Le nouveau film d’Alain Guiraudie sort en salle cet automne après avoir été présenté hors compétition lors du dernier Festival de Cannes. Mélangeant film social, thriller policier et comédie décalée, Miséricorde est un objet singulier dont la gravité symbolique ne reste jamais très pesante, toujours chassée par une drôlerie irrésistible.

L’intrigue débute par l’enterrement d’une figure locale, le boulanger. Jérémie (Félix Kysyl) est revenu au village pour assister aux obsèques de celui qui était son patron lorsqu’il était jeune et qu’il travaillait au four de la boulangerie. Son retour en surprend plus d’un, lui qui était parti depuis longtemps vivre à Toulouse et qui avait un peu coupé les ponts avec Saint-Martial.

La veuve du boulanger, Martine (Catherine Frot), est ravie de revoir ce petit jeune qui a bien grandi et l’invite à s’installer quelques jours chez elle pour lui permettre de redécouvrir le village. Son fils Vincent (Jean-Baptiste Durand) est bien moins emballé par le retour soudain de Jérémie – on comprend qu’il a bien moins digéré le départ de son ancien ami pour Toulouse – et encore moins par le fait qu’il s’incruste chez sa mère pour y dormir.

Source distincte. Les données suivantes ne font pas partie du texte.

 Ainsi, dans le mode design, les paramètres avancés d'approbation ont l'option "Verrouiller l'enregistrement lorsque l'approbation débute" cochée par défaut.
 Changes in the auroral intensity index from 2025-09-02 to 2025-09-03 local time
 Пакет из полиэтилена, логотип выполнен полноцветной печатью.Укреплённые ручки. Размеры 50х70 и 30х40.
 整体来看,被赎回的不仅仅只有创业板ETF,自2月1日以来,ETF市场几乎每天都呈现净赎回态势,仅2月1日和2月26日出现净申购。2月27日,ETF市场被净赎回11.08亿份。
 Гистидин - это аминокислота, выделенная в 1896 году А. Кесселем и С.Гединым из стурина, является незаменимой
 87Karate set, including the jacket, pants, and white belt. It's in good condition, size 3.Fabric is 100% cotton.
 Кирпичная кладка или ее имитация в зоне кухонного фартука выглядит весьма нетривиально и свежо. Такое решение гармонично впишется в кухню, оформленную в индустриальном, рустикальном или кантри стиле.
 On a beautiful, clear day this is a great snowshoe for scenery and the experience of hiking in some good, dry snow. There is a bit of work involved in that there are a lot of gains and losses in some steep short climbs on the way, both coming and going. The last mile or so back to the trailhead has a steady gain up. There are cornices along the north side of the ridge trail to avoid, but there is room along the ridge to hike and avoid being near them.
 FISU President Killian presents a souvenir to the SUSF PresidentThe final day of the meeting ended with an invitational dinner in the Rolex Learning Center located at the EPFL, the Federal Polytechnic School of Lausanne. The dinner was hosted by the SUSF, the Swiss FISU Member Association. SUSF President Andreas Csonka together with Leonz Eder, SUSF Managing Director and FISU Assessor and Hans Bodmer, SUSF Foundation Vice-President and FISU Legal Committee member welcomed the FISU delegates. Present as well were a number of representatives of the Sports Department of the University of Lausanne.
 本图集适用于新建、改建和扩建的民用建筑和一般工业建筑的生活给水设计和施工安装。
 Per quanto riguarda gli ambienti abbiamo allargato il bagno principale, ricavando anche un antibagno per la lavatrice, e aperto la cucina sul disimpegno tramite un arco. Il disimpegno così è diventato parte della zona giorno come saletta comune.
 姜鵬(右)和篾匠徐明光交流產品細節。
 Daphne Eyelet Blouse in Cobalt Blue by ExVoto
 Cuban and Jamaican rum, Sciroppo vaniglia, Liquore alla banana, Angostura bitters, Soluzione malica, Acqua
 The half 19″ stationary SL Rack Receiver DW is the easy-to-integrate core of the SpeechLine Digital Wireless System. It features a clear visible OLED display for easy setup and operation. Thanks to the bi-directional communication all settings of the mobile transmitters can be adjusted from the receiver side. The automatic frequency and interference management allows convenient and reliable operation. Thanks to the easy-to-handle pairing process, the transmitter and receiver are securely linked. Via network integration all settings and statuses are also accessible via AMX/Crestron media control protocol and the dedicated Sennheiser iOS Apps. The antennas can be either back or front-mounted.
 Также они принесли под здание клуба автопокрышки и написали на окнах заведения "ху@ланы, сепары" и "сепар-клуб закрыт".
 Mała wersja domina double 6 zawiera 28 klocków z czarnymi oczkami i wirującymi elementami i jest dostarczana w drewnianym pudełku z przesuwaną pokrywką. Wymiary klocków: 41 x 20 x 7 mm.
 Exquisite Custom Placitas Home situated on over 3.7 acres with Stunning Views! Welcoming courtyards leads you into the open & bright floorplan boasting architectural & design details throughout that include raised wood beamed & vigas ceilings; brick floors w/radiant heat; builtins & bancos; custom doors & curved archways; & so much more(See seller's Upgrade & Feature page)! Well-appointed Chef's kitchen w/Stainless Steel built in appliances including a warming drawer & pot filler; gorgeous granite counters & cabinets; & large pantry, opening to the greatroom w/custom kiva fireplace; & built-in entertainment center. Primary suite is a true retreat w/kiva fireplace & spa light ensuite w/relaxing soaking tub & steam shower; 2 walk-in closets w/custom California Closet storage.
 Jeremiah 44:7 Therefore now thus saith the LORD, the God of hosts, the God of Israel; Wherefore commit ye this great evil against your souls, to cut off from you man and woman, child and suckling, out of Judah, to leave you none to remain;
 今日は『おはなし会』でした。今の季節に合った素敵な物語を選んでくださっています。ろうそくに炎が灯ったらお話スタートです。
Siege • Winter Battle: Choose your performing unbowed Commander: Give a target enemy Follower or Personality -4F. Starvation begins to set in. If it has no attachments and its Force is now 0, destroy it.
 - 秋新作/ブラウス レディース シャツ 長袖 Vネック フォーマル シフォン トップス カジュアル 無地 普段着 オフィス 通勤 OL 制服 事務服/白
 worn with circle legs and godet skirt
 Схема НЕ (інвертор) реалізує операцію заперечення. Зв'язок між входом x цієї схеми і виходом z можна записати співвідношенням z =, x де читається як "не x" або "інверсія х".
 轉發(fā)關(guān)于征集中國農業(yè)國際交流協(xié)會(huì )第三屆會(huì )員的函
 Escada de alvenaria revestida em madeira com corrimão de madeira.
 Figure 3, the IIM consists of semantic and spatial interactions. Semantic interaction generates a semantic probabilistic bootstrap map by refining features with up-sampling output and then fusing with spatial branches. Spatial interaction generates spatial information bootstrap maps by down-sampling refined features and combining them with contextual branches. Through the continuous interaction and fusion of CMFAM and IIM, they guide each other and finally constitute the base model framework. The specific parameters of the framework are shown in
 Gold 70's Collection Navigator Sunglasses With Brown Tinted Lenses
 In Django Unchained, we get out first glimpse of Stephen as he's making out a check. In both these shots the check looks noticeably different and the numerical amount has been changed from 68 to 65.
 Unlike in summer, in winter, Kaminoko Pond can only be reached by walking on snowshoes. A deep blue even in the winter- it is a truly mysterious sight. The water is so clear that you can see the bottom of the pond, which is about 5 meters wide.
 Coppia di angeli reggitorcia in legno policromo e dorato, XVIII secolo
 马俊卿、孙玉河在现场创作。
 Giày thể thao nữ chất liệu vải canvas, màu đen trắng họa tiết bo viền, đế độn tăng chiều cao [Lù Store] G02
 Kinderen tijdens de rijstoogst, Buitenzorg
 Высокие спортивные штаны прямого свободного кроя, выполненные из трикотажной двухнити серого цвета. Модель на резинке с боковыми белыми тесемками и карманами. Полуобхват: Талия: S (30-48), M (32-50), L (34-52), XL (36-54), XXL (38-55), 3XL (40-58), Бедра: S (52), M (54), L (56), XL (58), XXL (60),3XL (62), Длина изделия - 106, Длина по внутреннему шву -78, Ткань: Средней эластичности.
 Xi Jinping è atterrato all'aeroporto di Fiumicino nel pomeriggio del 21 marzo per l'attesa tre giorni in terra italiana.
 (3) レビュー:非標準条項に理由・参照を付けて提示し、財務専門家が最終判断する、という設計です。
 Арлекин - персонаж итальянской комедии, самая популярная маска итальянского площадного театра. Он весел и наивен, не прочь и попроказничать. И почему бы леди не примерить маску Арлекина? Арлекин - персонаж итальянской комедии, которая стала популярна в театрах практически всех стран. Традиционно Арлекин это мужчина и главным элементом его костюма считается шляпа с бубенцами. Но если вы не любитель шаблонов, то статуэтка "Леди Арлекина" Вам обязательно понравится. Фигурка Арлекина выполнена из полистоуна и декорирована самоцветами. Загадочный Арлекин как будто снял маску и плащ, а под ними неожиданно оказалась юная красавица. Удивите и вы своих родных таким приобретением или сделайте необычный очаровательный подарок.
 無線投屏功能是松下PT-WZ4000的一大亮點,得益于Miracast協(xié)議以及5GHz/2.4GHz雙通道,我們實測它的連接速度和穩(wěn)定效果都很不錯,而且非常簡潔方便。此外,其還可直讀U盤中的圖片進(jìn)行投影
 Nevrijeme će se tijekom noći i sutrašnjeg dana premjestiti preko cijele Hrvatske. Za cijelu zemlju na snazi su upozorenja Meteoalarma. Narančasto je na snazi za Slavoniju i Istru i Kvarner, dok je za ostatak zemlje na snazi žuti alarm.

Il le soupçonne ouvertement de vouloir coucher avec elle. Jérémie, lui, semble plutôt attiré par Walter (David Ayala), un célibataire solitaire et volumineux, méfiant puis curieux de cette tentative de séduction gérée à grand coups de pastis. Enfin, il y a le prêtre du village (Jacques Develay) qui a le don de se retrouver là où l’on ne l’attend pas. Les membres de ce théâtral quintette se croisent un à un en forêt, à l’apéro, chez les uns et les autres, avec une tension qui va s’accentuer à la suite d’une disparition inquiétante…

Le désir est le dénominateur commun de toutes les interrogations de Guiraudie et il prend souvent des formes surprenantes, ici une pansexualité qui contre les instincts de jalousie, de ressentiment et de violence qui naissent entre les personnages – ce qui occasionne quelques scènes osées mais toujours légères, voire ouvertement comiques. Si le film est d’abord un fascinant thriller en huis clos qui tient en haleine jusqu’au dénouement, on aura quand même rarement autant souri devant un combat entre Eros et Thanatos.

Miséricorde est un mot qui colle si bien au cinéma de Guiraudie, lui qui filme avec une bonté crue et compassionnelle des personnages empêchés, au bord de l’amour comme de la violence. En titrant ainsi son nouveau film, il aiguille sur son interprétation et confirme le ressenti étonnement joyeux lorsque les lumières se rallument. Miséricorde est un film ouvert, inquiet et mystérieux mais que l’on quitte avec un sentiment certain : que tous ces personnages sont finalement bien plus lumineux que ténébreux.